The incentive to provide a challenging environment, in which there is an opportunity to practise repetitively the missing components of gait, has underpinned another task-specific activity. This involves using a treadmill for gait training and also for improvements in aerobic function. A harness can be used for individuals with significant functional limitations, and this also offers the opportunity to grade the amount of body weight support provided. Therapists help to facilitate alternating stepping and weight-bearing, and as many as three therapists may be required to assist with the complete gait cycle.

Shepherd and Carr (1999) argued that there are three reasons why treadmill training can support gait re-education:

Recent work has also suggested that treadmill training may also have positive effects on upper limb function, cognitive function and social participation (Ploughman et al., 2008; Smith & Thompson, 2008). It is important to note that these findings are currently based on limited research work. The effects of treadmill training beyond walking may therefore be co-incidental.

The original work on the effects of treadmill training involved animal studies (Barbeau et al., 1999). Animals with transected spinal cords were able to generate activity in lower limb muscles and produce a stepping motion. Research carried out on humans with incomplete spinal cord injury also showed it was possible to elicit similar activity when the individual was suspended in a harness and stepping was facilitated on a treadmill (Dobkin, 1999). This served to support the theory that humans may possess specific neural circuitry in the lumbar spinal cord that may have the ability for motor learning. The mechanism for motor learning appears as a consequence of repeated sensory inputs into lumbosacral motoneurones and interneurones, which leads to long-term potentiation. Repeated practice of the gait cycle, involving alternating loading and unloading of the lower-limbs and hip extension, seems to be the main sensory drive to promote the motor activity (Hesse, 1999).
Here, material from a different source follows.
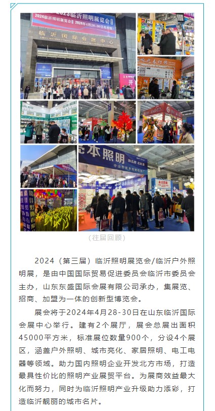 2024(第三届)临沂照明展览会/临沂户外照明展将于4月28-30日在临沂国际会展中心举办。本届展会建有2个展厅,展会总展出面积约45000平方米,分设4个展区,涵盖户外照明、城市亮化、家居照明、电工电器等领域。为照明灯具产业链上下游企业提供一个集新品展示、交流对话、招商加盟等高效合作的多方共赢平台!

Task-specific training on a treadmill is likely to induce expansion of subcortical and cortical locomotion areas in individuals following stroke and spinal cord injury (Dobkin, 1999; Hesse, 1999). It is also important to note, however, that whilst treadmill training has the potential to improve gait function in a number of neurological conditions, this approach may not necessarily be superior to other methods of gait training.Dickstein (2008) compared treatment outcomes of various therapeutic interventions on gait speed following stroke. The comparison indicated that gait speed can be improved through a variety of interventions but treadmill training was not found to be superior in this patient group. The authors concluded that ‘low-tech’ techniques can be as effective in gait training following stroke as more expensive treadmill and robotic approaches.

Readers are also reminded that treadmill walking can differ from overground walking and this can have profound effects on gait rehabilitation. Treadmill walking can result in an increase in cadence and a shortening of step length compared to overground walking. Wearing a harness dampens vertical spinal acceleration and reduces trunk rotation. Applying a body-weight support reduces the need to oppose gravity and this again reduces not only vertical, but also anterior-posterior acceleration (Aaslund & Moe-Nilssen, 2008). The altered visual experience of walking across a moving ground may also be difficult to cope with for some individuals.
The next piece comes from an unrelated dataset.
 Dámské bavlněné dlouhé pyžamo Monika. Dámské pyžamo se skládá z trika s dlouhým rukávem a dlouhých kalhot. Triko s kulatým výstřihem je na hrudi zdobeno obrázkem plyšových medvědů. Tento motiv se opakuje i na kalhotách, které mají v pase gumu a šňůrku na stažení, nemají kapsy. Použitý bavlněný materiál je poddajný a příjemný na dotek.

Gait rehabilitation using treadmill training with partial body-weight support offers the possibility for active and task-specific gait training following stroke, even with individuals with low levels of functional ability (Hesse et al., 1999).Hesse et al. (1995a, 1995b) investigated the use of treadmill training and partial body-weight support with individuals following chronic stroke. These early studies showed some encouraging results, with changes in gait parameters such as stride length, cadence and velocity following the intervention, even if treadmill training may not be superior to other low tech approaches. Figure 18.2 shows a man with incomplete spinal cord injury at C5–C6 using a treadmill with harness body-weight support.

Smith et al. (1998) found normalization of reflexive activity in some individuals by the end of their programme, implying that reductions in spasticity could also accompany the strength gains seen in treadmill training. This indicates that there is no evidence to support the fear that treadmill training increases mass synergistic activity in the weaker side. Forrester et al. (2006) investigated the effects of treadmill training on central motor excitability. They showed, through transcranial magnetic stimulation, that treadmill training has the potential to alter the responsiveness of the lower-extremity central motor pathways.
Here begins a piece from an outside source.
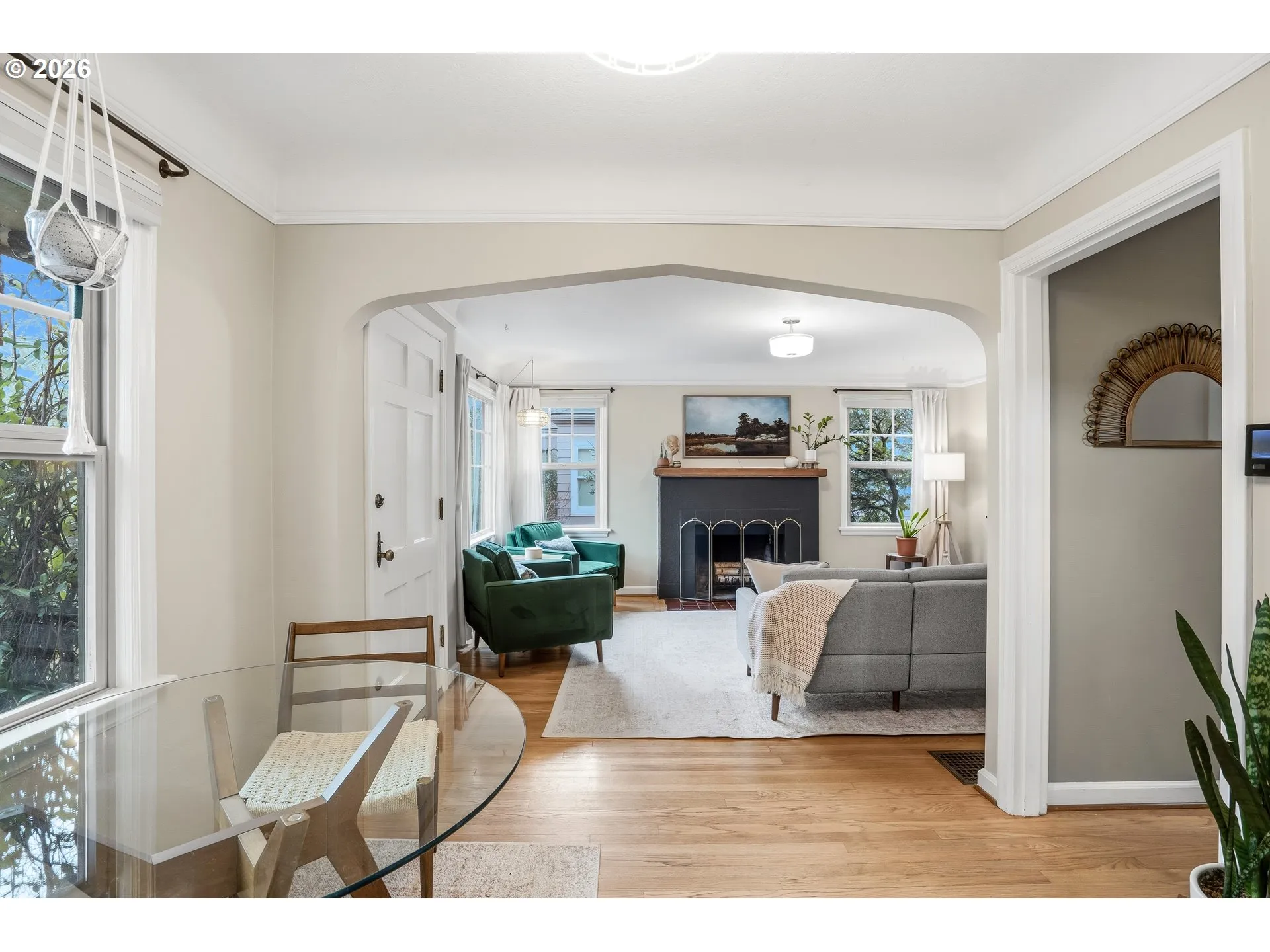 The Piedmont Palm Bungalow! Stylish and well cared for, you will feel it when you see it! A statuesque palm tree and mature landscaping welcome you up the front steps. The main floor features wood floors, south-facing windows that emanate natural light throughout, a wood-burning fireplace, and a recently updated kitchen with quartz counters, newer cabinets, and the perfect window for plant lovers, all overlooking the front yard. Wherefore art thou, bedroom? The upper-level primary suite is complete with a full bath and Juliet balcony! Modern wallpaper and sconces add stylish detail. The knotty pine party basement is not to be missed – features tall ceilings, a bonus space/rumpus room with laundry, and an unfinished portion to use as you please. 95% efficient forced-air heat + central AC keep you cozy in winter and cool in the summer. The back patio is perfect for grilling & chilling, and there’s enough emerald green grass for games, cartwheels, and four-legged friends to cavort. Low-maintenance landscaping looks good year-round! Detached garage provides additional storage for all your gear. Location is a dream! Just blocks to Peninsula and Farragut City Park, plus all the delights that Dekum and Kenton have to offer. [Home Energy Score = 7. HES Report at https://rpt.greenbuildingregistry.com/hes/OR10189008]

As well as people with stroke, treadmill training has also been used by people with spinal cord injury (Behrman & Harkema, 2000; Dobkin, 2004), cerebral palsy (Schindl et al., 2000), MS (Giesser et al., 2007) and Parkinson’s disease (Fisher et al., 2008). Despite methodological limitations these studies suggest that treadmill training can be an effective tool for improving gait function in serveral neurological pathologies.Behrman and Harkema (2000) described the range of sensory cues needed to induce a reasonably normal reciprocal gait pattern when using treadmill training following spinal cord injury. Listed below, they could just as easily be adopted as aims for any treadmill training programme attempting to normalize gait:

Body-weight support and mechanized gait training

The optimum level of body-weight support seems to be that which allows maximum loading of the limb during the stance phase, whilst providing support for those individuals who are unable to maintain an upright posture independently. There is also agreement that as soon as an individual is progressing towards being able to balance independently whilst taking a step, the inclusion of practice of overground walking should be given more priority (Behrman & Harkema, 2000).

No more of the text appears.